To an extent it's just the challenges of our own North American space increasingly requiring our resources. It was really only in 2005 that North America came to be seen as a theatre of operations in its own right. That, obviously and rightly, is taking up a great deal of our thinking and our resources in terms of defence.

I don't know if that's helpful.

4:20 p.m.

Conservative

Mark Strahl Conservative Chilliwack—Fraser Canyon, BC

It will give us something to think about, that's for sure.

You mentioned something else that caught my attention. You mentioned whether NATO should have an accountability mechanism or whether there should be greater accountability to the UN when NATO is operating under a UN mandate.

I've heard some criticisms in the past that NATO doesn't want to be seen as the muscle for the UN. How do you reconcile those two—the need or the desire for NATO to remain independent and the UN's desire to ensure that they're not acting outside of a UN mandate?

It's probably a question that doesn't have an easy answer, but it was something that did twig some questions for me. I'd ask you to expand a little further on how you see NATO's relationship to the Security Council being practically applied.

4:25 p.m.

Prof. Jennifer Welsh

There is a complex relationship here. The UN charter called for the development of a military staff command of real operational resources for the UN that never came to pass, so whenever the UN authorizes an operation it is relying on states to respond either through some kind of a coalition or through an alliance.

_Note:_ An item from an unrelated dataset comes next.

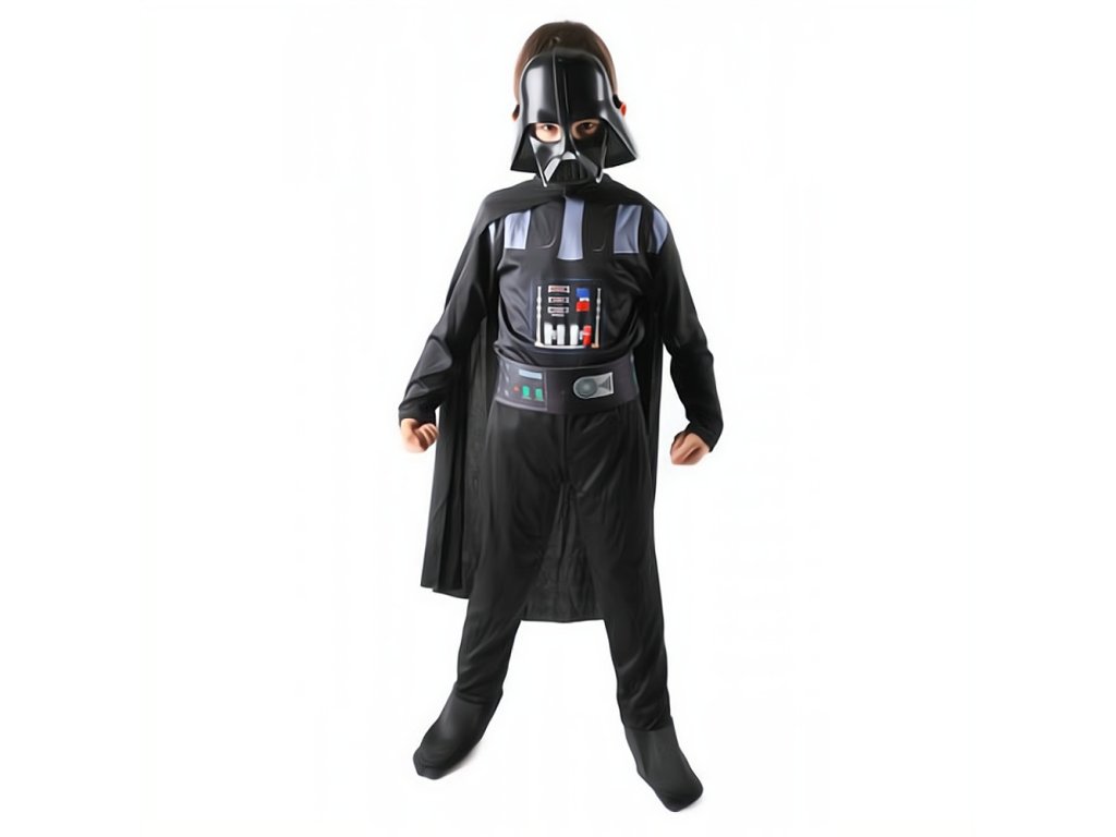 Kostým se skládá z několika detailně propracovaných částí, které zajišťují autentický vzhled. Hlavní částí je černý overal, který je pohodlný a umožňuje volný pohyb. Tento overal je doplněn pásem, který má na sobě vyobrazené ovládací prvky Darth Vaderova ikonického životního podpůrného systému. Plášť, který se volně splývá přes ramena, dodává kostýmu dramatický vzhled a zdůrazňuje temnou a hrozivou přítomnost tohoto sithského lorda. Součástí kostýmu je také detailní plastová maska, která věrně zobrazuje strašidelnou přilbu Darth Vadera. Maska zakrývá celou hlavu a obličej, čímž dokonale doplňuje vzhled postavy a umožňuje dítěti plně se vžít do role tohoto temného rytíře. Celkový design kostýmu je zaměřen na to, aby co nejvěrněji napodobil vzhled postavy z filmů, díky tomu je kostým vhodnou volbu pro malé fanoušky série Star Wars.

In the Libya campaign it was very interesting. In the first 10 days, it was not a NATO operation; it was a U.K.-U.S.-French operation. Interestingly, what I have heard, and this tells you a lot about the politics of these sorts of situations, is that the French and the U.K., who were very much out front in the beginning—and it's often said the U.S. led from behind in Libya—were very concerned about the optics of a French-British intervention in the Middle East. I heard the word “Suez” many times, so for them NATO was the solution for the legitimacy of what they wanted to do.

This will be the case for NATO; it will be seen as a good instrument for the states that comprise it. That also means, if we are to take on board this belief in the legitimacy of Security Council authorization, that NATO will often be operating as the arm or the operational agent for the UN. This isn't new; it's done it through peacekeeping before, but there are robust mechanisms for accountability with respect to peacekeeping—well, I should say there are mechanisms. Are they always as robust as they could be? However, for civilian protection operations that are different from peacekeeping....

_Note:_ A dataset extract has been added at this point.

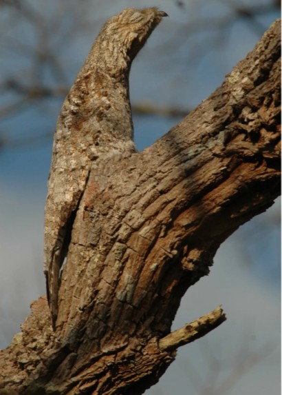 Это необычайно редкое в наблюдении существо. Но редкое не потому, что вымирает, а потому что его навыки маскировки совершеннее, чем слежка бабулек из подъезда за своими соседями. Окрас животного очень похож на местные породы деревьев, а его форма запросто может имитировать сломанную ветку. Данный пернатый абсолютно уверен в своей маскировке. В отличие от других птиц, козодой не будет ничего делать при приближении нежелательного объекта к месту его стоянки. В результате, птицу можно даже потрогать, но тут-то она уже психанет.

This was not a consensual peacekeeping operation. The Security Council authorized the use of force without the consent of the Libyan state. This was a big deal. For those kinds of operations, currently we don't have those kinds of accountability mechanisms; they can be developed, but we need to start thinking about how that will happen.

I would be a little worried on the flip—

4:25 p.m.

Conservative

The Chair Conservative James Bezan

I'm going to have to interject and stop you here. We have a five-minute time limit for questions and answers. We'll ask you to be very concise in your responses now that we're into the five-minute round.

With that, we'll move on.

Ms. Moore, go ahead.

4:25 p.m.

NDP

Christine Moore NDP Abitibi—Témiscamingue, QC

Thank you very much, Mr. Chair.

I would like to know how the situation in Syria is affecting the level of cooperation between NATO and Russia.

4:25 p.m.

Prof. Jennifer Welsh

Does Paul want to answer this question?

I'm happy to answer, but Paul may have some thoughts, given that he mentioned Russia in his presentation.

4:25 p.m.

Executive Director, British American Security Information Council

Paul Ingram

I think clearly there have been a series of actions that NATO has undertaken over the years, from Kosovo onward, that the Russians have taken great exception to.

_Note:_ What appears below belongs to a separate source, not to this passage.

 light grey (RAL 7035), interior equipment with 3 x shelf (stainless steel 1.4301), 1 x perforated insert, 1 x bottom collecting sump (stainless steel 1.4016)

There are two angles here. The first is NATO taking action that the Russians are uncomfortable with because of the action itself; the second is that it demonstrates quite clearly NATO's capacity to intervene in regions outside of its own area of operations, which reinforces the Russian fear that NATO, as perceived within Russia, is a tool of western hegemony.

They didn't oppose the intervention actively in Libya, but they were very uncomfortable with it and felt taken along, as if on a train. They felt they faced undesirable choices one way or the other.

Again, I emphasize that this is a Russian perspective; it's not necessarily my perspective, but I'm often explaining perspectives that are different from our own.

From their perspective, this underlines their relative weakness with regard to the alliance, and their own need, therefore, to maintain vigilance to not trust the alliance. They perceive the willingness of the Americans and the alliance as a whole to move forward on projects such as missile defence and the development of novel conventional capabilities, whatever the consequence on the perceived security of other states, as indicators that NATO is not to be trusted.

4:30 p.m.

NDP

Christine Moore NDP Abitibi—Témiscamingue, QC

Thank you very much.

In Libya's case, for example, we know that Gadhafi didn't become a dictator overnight. When we work alongside countries with less than stellar human rights track records, how do we approach that relationship, ethically speaking?

4:30 p.m.

Executive Director, British American Security Information Council

Paul Ingram

Perhaps I could answer that first.

I think that we in the west need to be very cautious about measuring moral and ethical interventions purely by the measuring stick of military intervention. Professor Welsh stated quite clearly that responsibility to protect is not simply about military intervention. I would go further and say that the prime movement of responsibility to protect is not about military intervention. That's just the icing on the cake, the top of the iceberg. We need to be more consistent over a longer period with respect to countries like Libya and indeed across the Middle East.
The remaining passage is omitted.